Step 2: decode and measure reconstruction

with torch.no_grad():
    wav_recon = model.decode([(codes, scale)])

from torchaudio.functional import compute_deltas
import torch.nn.functional as F

mse = F.mse_loss(wav_recon[:, :, :wav.shape[-1]], wav).item()

Step 3: the semantic-acoustic split (Mimi-style)

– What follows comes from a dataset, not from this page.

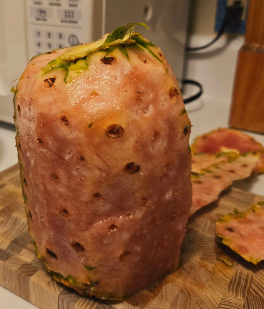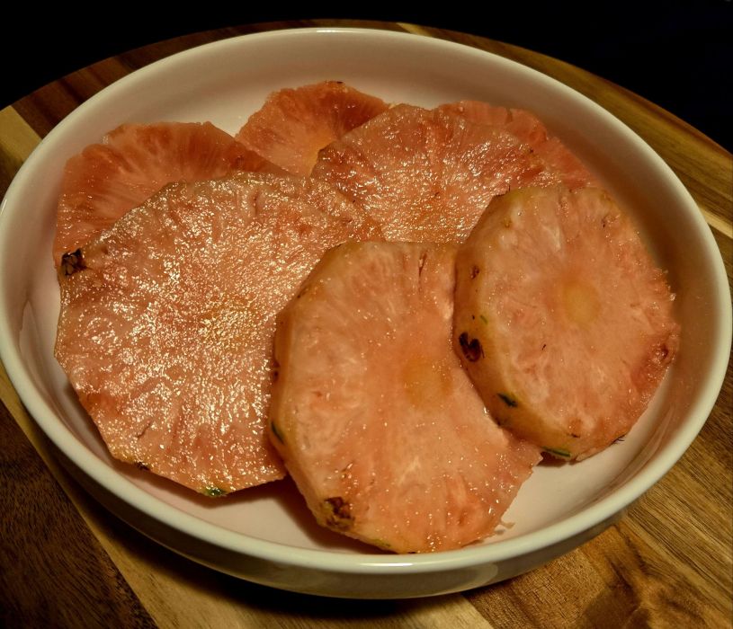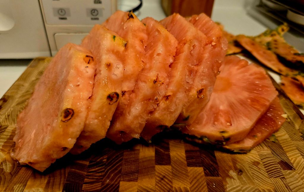 Last year, my brother mailed me one of these stunning pink pineapples. The flesh was a beautiful blush color, almost too pretty to cut into. The flavor? Sweet, delicate, and refreshing, with less acidity than a regular pineapple. I’m sharing here a few of the photos I took back then.

from moshi.models import loaders
mimi = loaders.get_mimi()

with torch.no_grad():
    codes = mimi.encode(wav)  # shape (1, 8, frames@12.5Hz)

semantic = codes[:, 0]
acoustic = codes[:, 1:]

Semantic codebook 0 is WavLM-aligned. You can train a text-to-semantic transformer — much smaller vocabulary than going direct-to-audio. Then a separate acoustic-to-waveform decoder conditions on a speaker reference.

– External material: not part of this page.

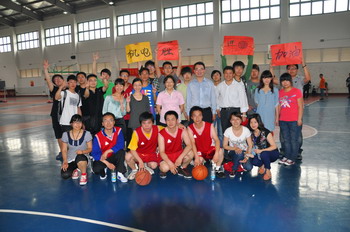 此次决战的两支队伍分别是机电系代表队和经管系代表队。12点比赛准时开始,所有的队员都迅速进入状态,个个精神饱满,斗志昂扬。经过初赛的对抗,每位队员的技巧更加娴熟,速度更加敏捷,投篮更加精准。上半场,经管系代表队稳稳地将球控制在自己手中,比赛过程中,李铭老师一次次完美的运球、过人、上篮,程健老师帅气利落的动作引爆了现场的气氛,全场的欢呼声此起彼伏。机电系代表队也不甘示弱,队员间积极配合,奋力拼抢,攻防有序,稳扎稳打,突破上篮,一度8:8持平,最终上半场经管系代表队以10:9比分暂时领先。下半场比赛中,机电系代表队队员发起反击,将比分追至13平。最后,李旺老师一个漂亮的罚篮锁定胜局,使得机电系代表队最终以14比13的微弱优势赢得了比赛。本场比赛双方队员都发挥出了最佳水平,全场高潮迭起。

Step 4: why AR LM over codec tokens works

For a 10 s speech clip at Mimi's 12.5 Hz × 8 codebooks:

N_tokens = 10 * 12.5 * 8 = 1000 tokens

1000 tokens is a trivial context for a transformer. A 256M-parameter transformer can generate 10 seconds of speech in milliseconds on a modern GPU.

Use It

Map problem → codec:

Task	Codec
General music generation	EnCodec-24k
Highest-fidelity reconstruction	DAC-44.1k
AR LM over speech (TTS)	SNAC or Mimi
Streaming full-duplex speech	Mimi (12.5 Hz)
Sound-effect library with text	EnCodec + T5 condition
Fine-grained audio editing	DAC + inpainting

Rule of thumb: if you're building a generative model, start with Mimi or SNAC. If you're building a compression pipeline, use Opus.

Pitfalls

Too many codebooks. Adding codebooks increases fidelity linearly but LM sequence length linearly too. Stop at 8-12.
Frame-rate mismatch. Training LM on 12.5 Hz Mimi then fine-tuning on 50 Hz EnCodec fails silently.
Assuming all codebooks equal. In Mimi, codebook 0 carries content; losing it destroys intelligibility. Losing codebook 7 is barely noticeable.
Using reconstruction quality as the only metric. A codec can have great reconstruction but be useless for LM-based generation if the semantic structure is bad.

Ship It

Save as outputs/skill-codec-picker.md. Pick a codec for a given generative or compression task.

Exercises

Easy. Run code/main.py. It implements a toy scalar + residual quantizer and measures reconstruction error as you add codebooks.
Medium. Install encodec and compare 1, 4, 8, 32 codebooks on a held-out speech clip. Plot PESQ or MSE vs bitrate.
Hard. Load Mimi. Encode a clip. Replace codebook 0 with random integers; decode. Then replace codebook 7 similarly. Compare the two corruptions — codebook 0 corruption should destroy intelligibility; codebook 7 corruption should barely change anything.

Key Terms

Term	What people say	What it actually means
RVQ	Residual quantization	Cascade of small codebooks; each quantizes the previous residual.
Frame rate	Codec speed	How many token-frames per second. Lower = faster LM.
Semantic codebook	Codebook 0 (Mimi)	Codebook distilled from SSL features; encodes content.
Acoustic codebooks	Everything else	Timbre, prosody, noise, fine detail.
PESQ / ViSQOL	Perceptual quality	Objective metrics correlating with MOS.
EnCodec	Meta codec	The RVQ baseline; used by MusicGen.
Mimi	Kyutai codec	12.5 Hz frame rate; semantic-acoustic split; powers Moshi.